Restate word for word the lines below from the one that has "Ещё один момент, заслуживающий" through the one that has "ライフサイエンス分野に特化したAI翻訳エンジンを搭載", keeping both and dropping all pictures.

Given information:
━━━━━━━━━━━━━━━━━━━━

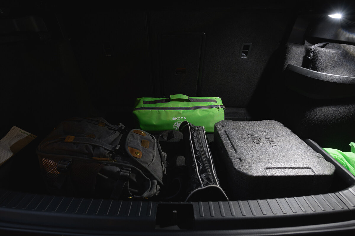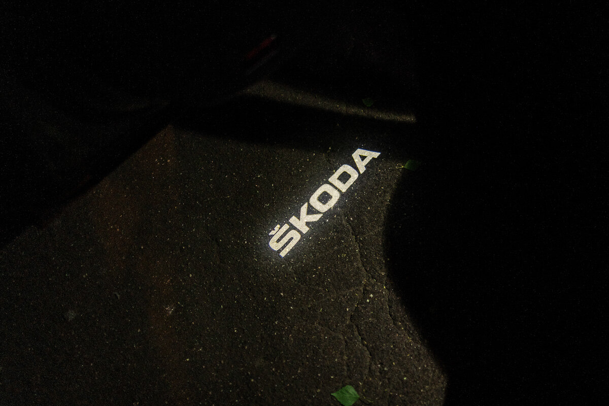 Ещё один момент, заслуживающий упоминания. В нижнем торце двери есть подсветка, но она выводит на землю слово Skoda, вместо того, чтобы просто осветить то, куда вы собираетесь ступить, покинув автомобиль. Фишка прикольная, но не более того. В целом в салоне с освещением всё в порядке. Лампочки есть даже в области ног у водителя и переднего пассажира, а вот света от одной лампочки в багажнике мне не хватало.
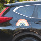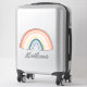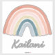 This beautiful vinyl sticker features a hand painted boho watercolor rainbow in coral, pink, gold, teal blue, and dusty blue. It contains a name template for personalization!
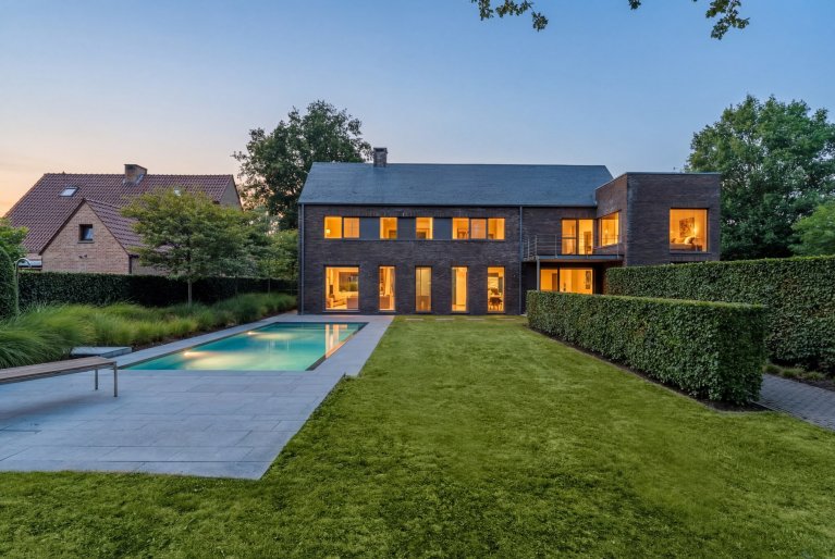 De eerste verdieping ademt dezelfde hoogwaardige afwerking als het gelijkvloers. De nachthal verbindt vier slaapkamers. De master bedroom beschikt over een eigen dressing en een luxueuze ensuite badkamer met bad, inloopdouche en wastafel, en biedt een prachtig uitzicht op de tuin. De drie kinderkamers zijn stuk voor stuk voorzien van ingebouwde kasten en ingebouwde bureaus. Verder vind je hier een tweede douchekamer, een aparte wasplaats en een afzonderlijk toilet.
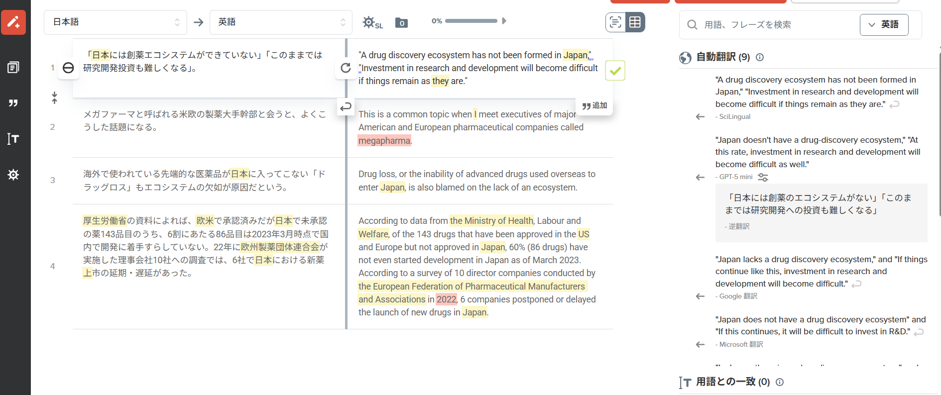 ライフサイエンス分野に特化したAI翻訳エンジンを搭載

━━━━━━━━━━━━━━━━━━━━

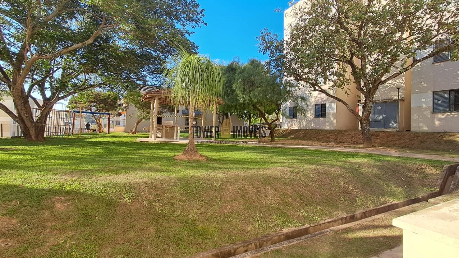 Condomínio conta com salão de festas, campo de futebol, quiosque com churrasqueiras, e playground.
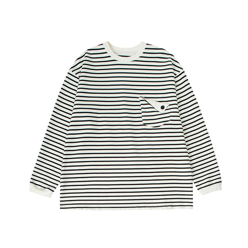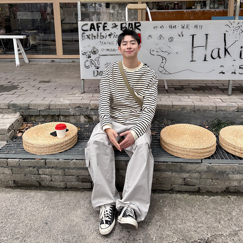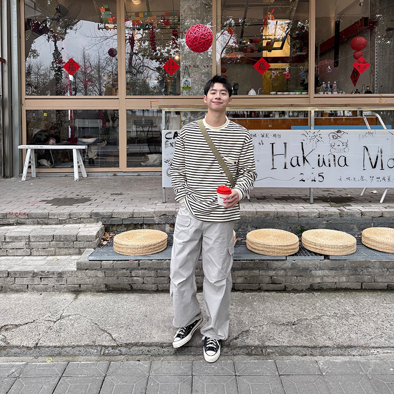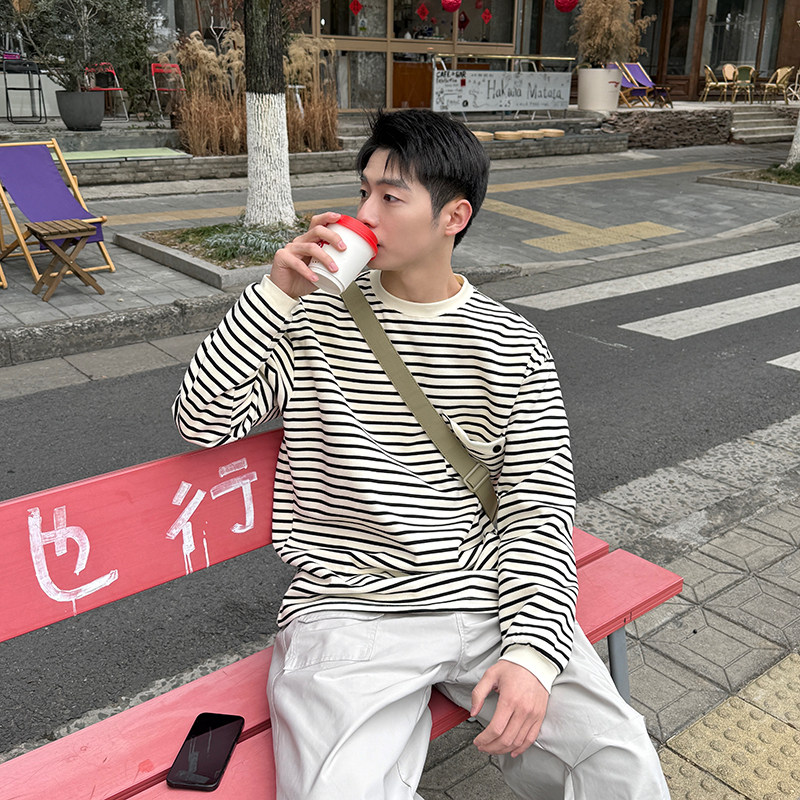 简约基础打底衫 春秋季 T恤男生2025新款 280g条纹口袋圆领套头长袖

━━━━━━━━━━━━━━━━━━━━

Exercise response:
 Ещё один момент, заслуживающий упоминания. В нижнем торце двери есть подсветка, но она выводит на землю слово Skoda, вместо того, чтобы просто осветить то, куда вы собираетесь ступить, покинув автомобиль. Фишка прикольная, но не более того. В целом в салоне с освещением всё в порядке. Лампочки есть даже в области ног у водителя и переднего пассажира, а вот света от одной лампочки в багажнике мне не хватало.
 This beautiful vinyl sticker features a hand painted boho watercolor rainbow in coral, pink, gold, teal blue, and dusty blue. It contains a name template for personalization!
 De eerste verdieping ademt dezelfde hoogwaardige afwerking als het gelijkvloers. De nachthal verbindt vier slaapkamers. De master bedroom beschikt over een eigen dressing en een luxueuze ensuite badkamer met bad, inloopdouche en wastafel, en biedt een prachtig uitzicht op de tuin. De drie kinderkamers zijn stuk voor stuk voorzien van ingebouwde kasten en ingebouwde bureaus. Verder vind je hier een tweede douchekamer, een aparte wasplaats en een afzonderlijk toilet.
 ライフサイエンス分野に特化したAI翻訳エンジンを搭載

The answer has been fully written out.